- _TRY IT_: Will you write out the data exactly, excluding every picture?

- _RECORDS FOR THIS EXERCISE_:

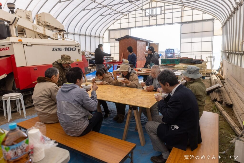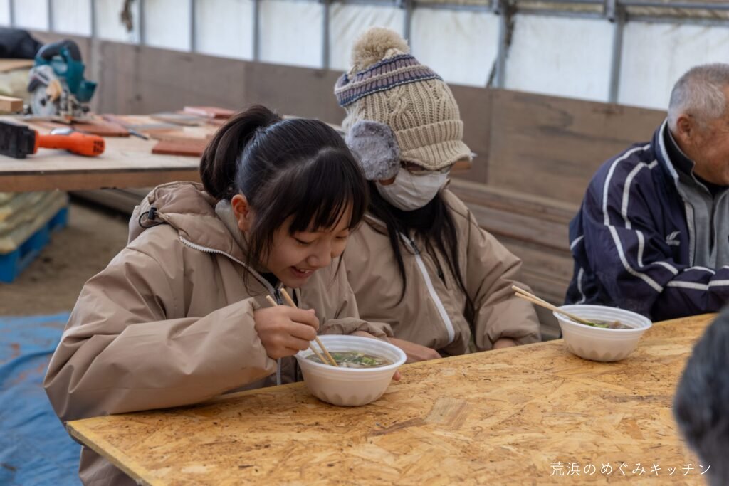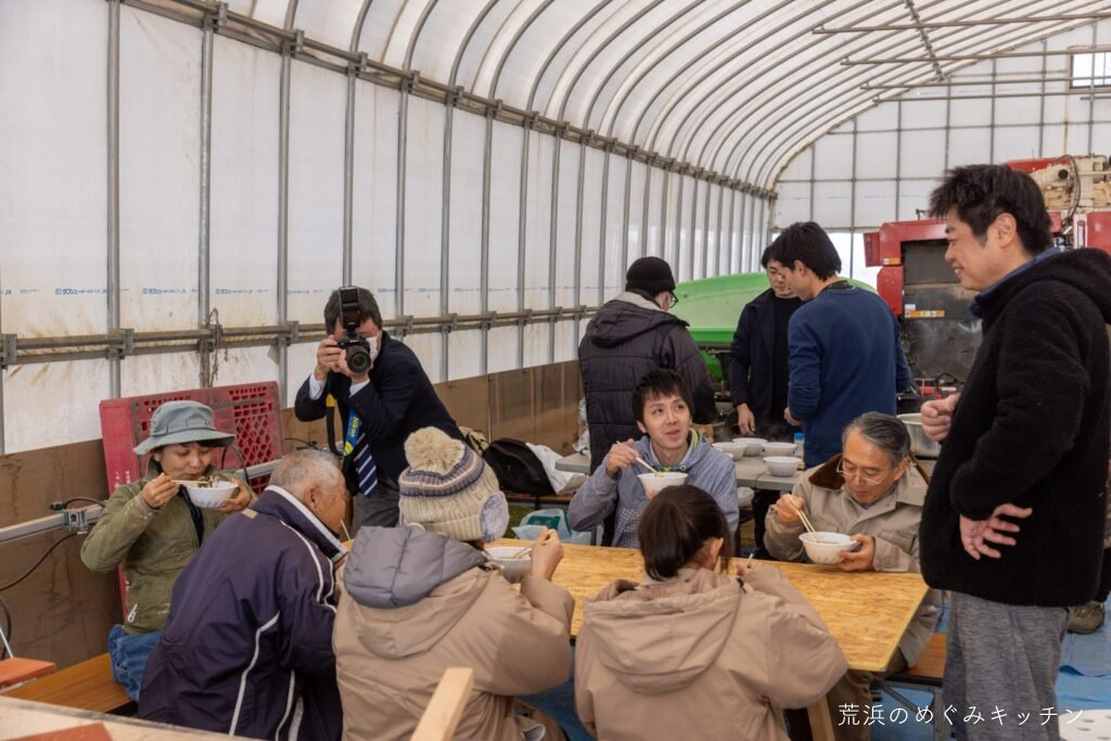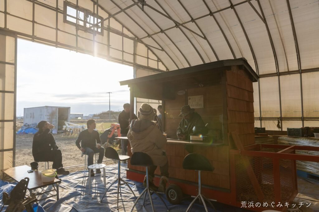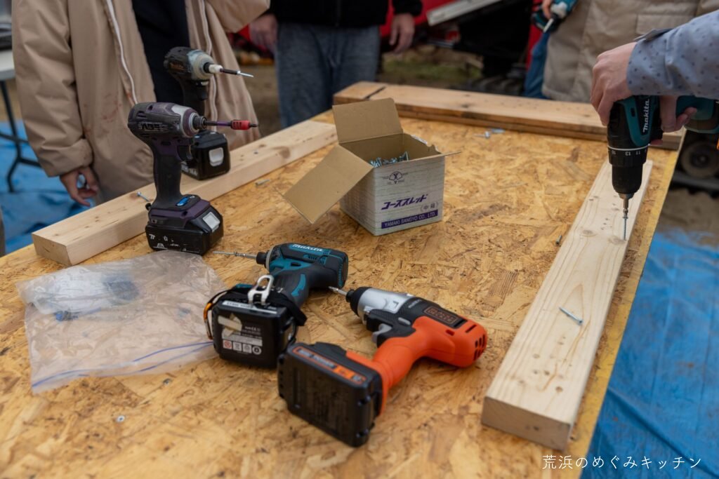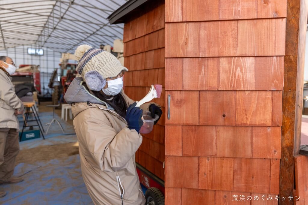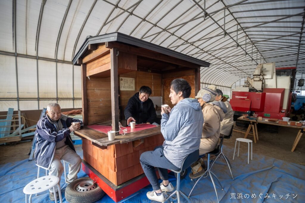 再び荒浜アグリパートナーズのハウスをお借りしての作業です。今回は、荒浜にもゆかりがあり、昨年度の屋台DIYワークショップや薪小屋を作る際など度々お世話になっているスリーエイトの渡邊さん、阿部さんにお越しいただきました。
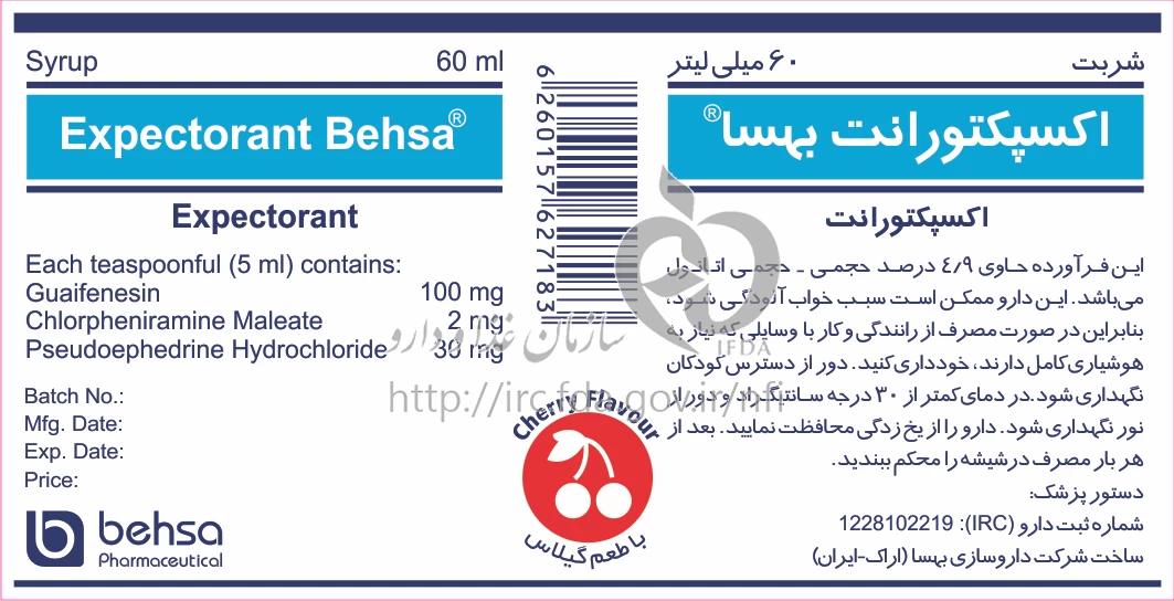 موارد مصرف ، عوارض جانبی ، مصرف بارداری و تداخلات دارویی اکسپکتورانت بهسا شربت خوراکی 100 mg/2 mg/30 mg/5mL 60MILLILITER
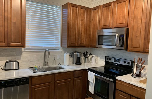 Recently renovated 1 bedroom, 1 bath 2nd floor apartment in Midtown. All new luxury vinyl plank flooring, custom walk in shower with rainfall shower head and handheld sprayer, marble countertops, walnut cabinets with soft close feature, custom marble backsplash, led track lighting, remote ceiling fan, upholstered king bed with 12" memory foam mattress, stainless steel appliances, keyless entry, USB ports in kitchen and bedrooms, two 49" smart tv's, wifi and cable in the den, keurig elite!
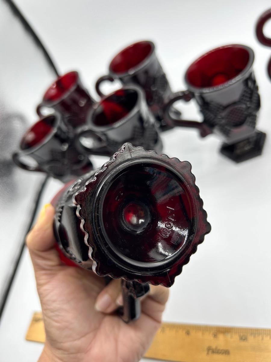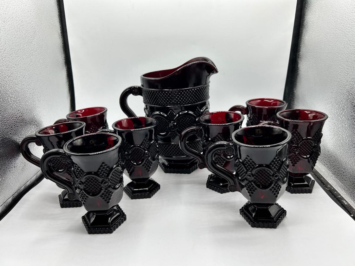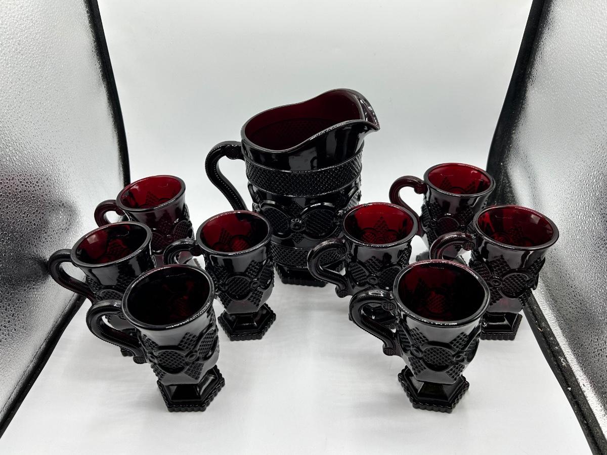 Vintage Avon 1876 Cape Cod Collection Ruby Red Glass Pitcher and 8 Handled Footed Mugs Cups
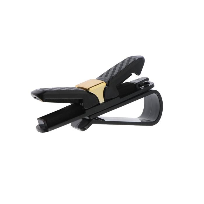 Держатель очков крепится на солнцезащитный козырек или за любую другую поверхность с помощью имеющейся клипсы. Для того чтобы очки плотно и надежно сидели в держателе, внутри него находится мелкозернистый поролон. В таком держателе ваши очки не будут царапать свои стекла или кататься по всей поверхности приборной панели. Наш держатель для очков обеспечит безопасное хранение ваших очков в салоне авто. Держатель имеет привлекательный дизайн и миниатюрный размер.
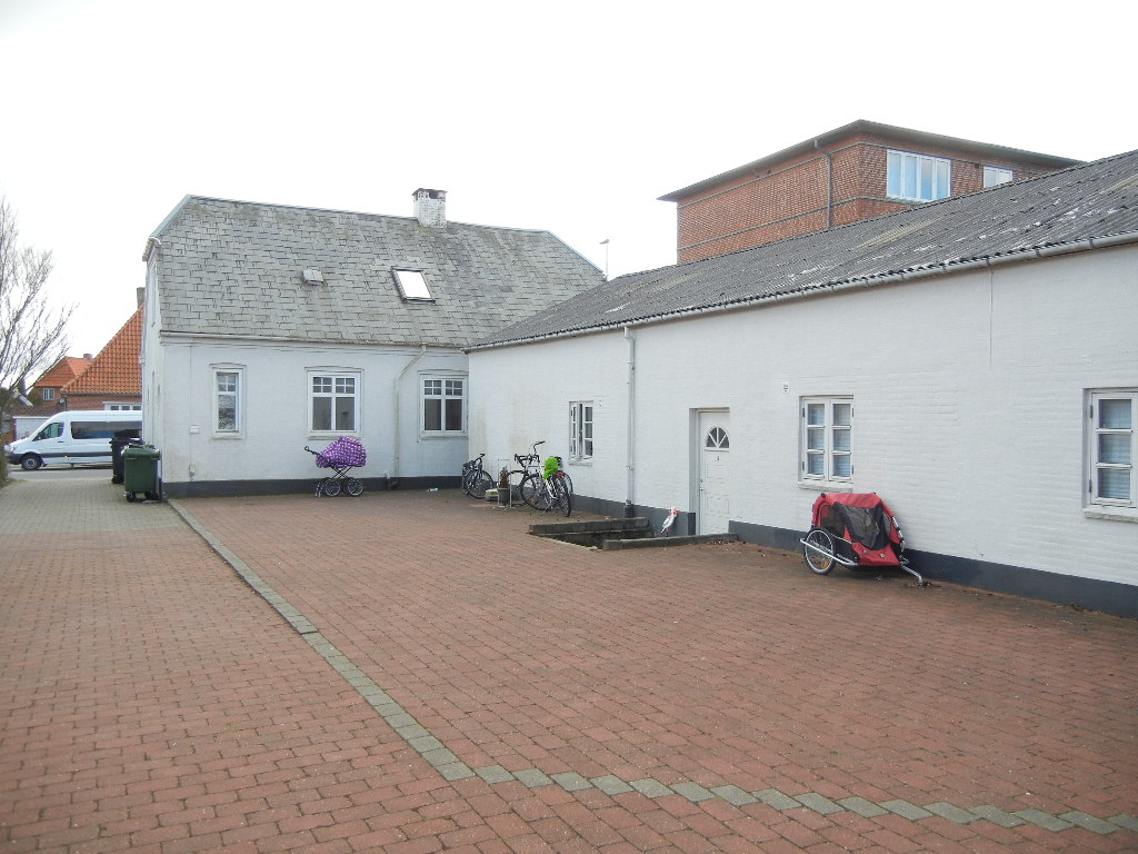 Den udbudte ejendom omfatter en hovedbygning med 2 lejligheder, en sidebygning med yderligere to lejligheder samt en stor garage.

- _REPLY_:
 再び荒浜アグリパートナーズのハウスをお借りしての作業です。今回は、荒浜にもゆかりがあり、昨年度の屋台DIYワークショップや薪小屋を作る際など度々お世話になっているスリーエイトの渡邊さん、阿部さんにお越しいただきました。
 موارد مصرف ، عوارض جانبی ، مصرف بارداری و تداخلات دارویی اکسپکتورانت بهسا شربت خوراکی 100 mg/2 mg/30 mg/5mL 60MILLILITER
 Recently renovated 1 bedroom, 1 bath 2nd floor apartment in Midtown. All new luxury vinyl plank flooring, custom walk in shower with rainfall shower head and handheld sprayer, marble countertops, walnut cabinets with soft close feature, custom marble backsplash, led track lighting, remote ceiling fan, upholstered king bed with 12" memory foam mattress, stainless steel appliances, keyless entry, USB ports in kitchen and bedrooms, two 49" smart tv's, wifi and cable in the den, keurig elite!
 Vintage Avon 1876 Cape Cod Collection Ruby Red Glass Pitcher and 8 Handled Footed Mugs Cups
 Держатель очков крепится на солнцезащитный козырек или за любую другую поверхность с помощью имеющейся клипсы. Для того чтобы очки плотно и надежно сидели в держателе, внутри него находится мелкозернистый поролон. В таком держателе ваши очки не будут царапать свои стекла или кататься по всей поверхности приборной панели. Наш держатель для очков обеспечит безопасное хранение ваших очков в салоне авто. Держатель имеет привлекательный дизайн и миниатюрный размер.
 Den udbudte ejendom omfatter en hovedbygning med 2 lejligheder, en sidebygning med yderligere to lejligheder samt en stor garage.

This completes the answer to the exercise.